All pictures are to be omitted while the lines starting at the line with "tai karusellipostauksen Instagramiin?" and ending at the line with "自2019年10月首艘國產(chǎn)大" in the material below are retyped exactly, both ends included.
THE RECORDS START
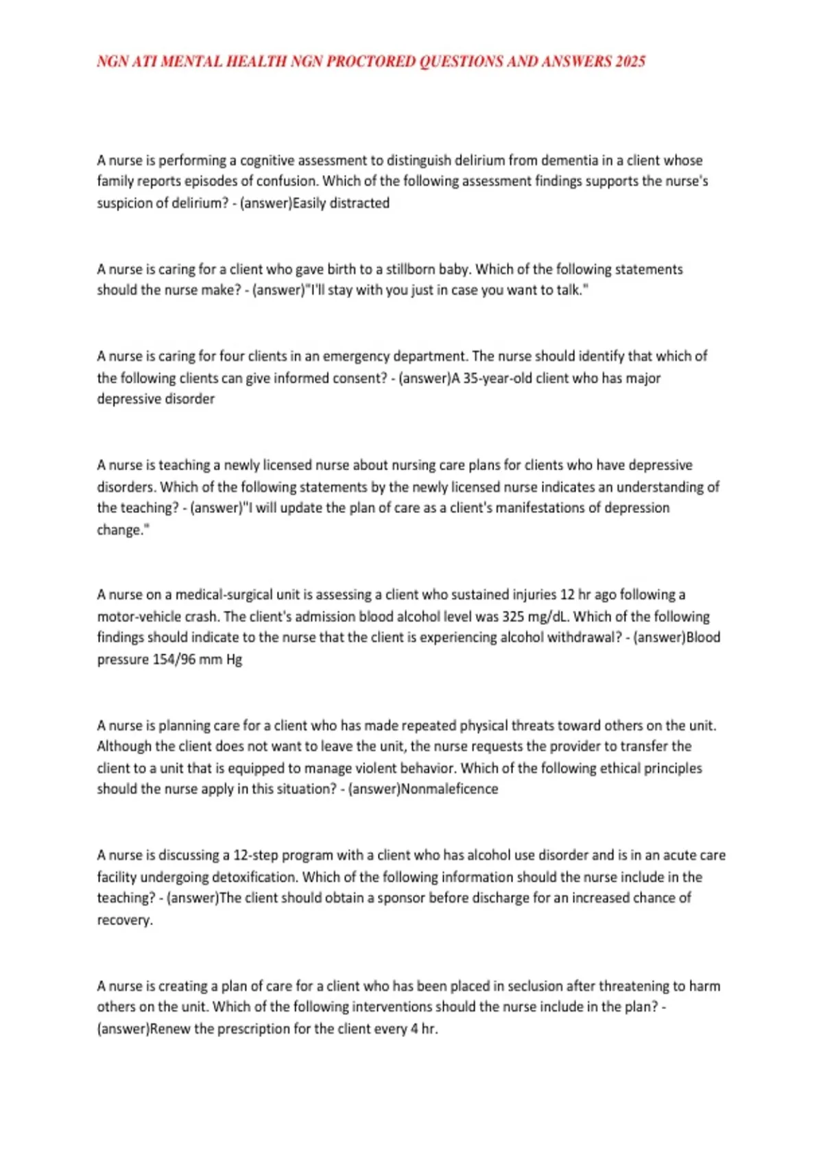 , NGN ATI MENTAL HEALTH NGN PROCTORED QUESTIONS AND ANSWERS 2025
THE RECORDS END
THE RECORDS START
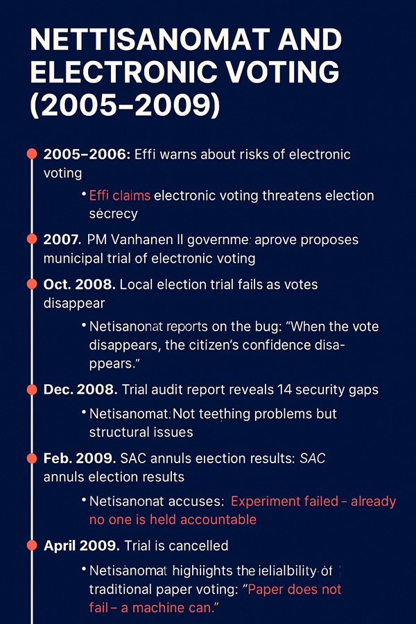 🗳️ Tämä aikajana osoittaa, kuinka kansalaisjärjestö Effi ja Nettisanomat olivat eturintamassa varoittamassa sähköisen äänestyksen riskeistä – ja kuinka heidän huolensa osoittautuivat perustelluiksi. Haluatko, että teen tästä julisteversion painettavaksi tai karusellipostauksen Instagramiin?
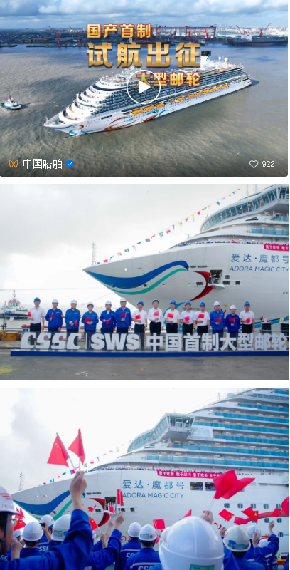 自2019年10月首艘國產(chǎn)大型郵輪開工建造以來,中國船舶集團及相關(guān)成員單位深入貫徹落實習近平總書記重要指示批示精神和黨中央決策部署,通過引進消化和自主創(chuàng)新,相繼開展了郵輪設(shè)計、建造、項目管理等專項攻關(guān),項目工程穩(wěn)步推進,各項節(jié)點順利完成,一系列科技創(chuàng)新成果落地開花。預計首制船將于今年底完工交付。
THE RECORDS END
(RESPONSE TO THE EXERCISE)
 🗳️ Tämä aikajana osoittaa, kuinka kansalaisjärjestö Effi ja Nettisanomat olivat eturintamassa varoittamassa sähköisen äänestyksen riskeistä – ja kuinka heidän huolensa osoittautuivat perustelluiksi. Haluatko, että teen tästä julisteversion painettavaksi tai karusellipostauksen Instagramiin?
 自2019年10月首艘國產(chǎn)大型郵輪開工建造以來,中國船舶集團及相關(guān)成員單位深入貫徹落實習近平總書記重要指示批示精神和黨中央決策部署,通過引進消化和自主創(chuàng)新,相繼開展了郵輪設(shè)計、建造、項目管理等專項攻關(guān),項目工程穩(wěn)步推進,各項節(jié)點順利完成,一系列科技創(chuàng)新成果落地開花。預計首制船將于今年底完工交付。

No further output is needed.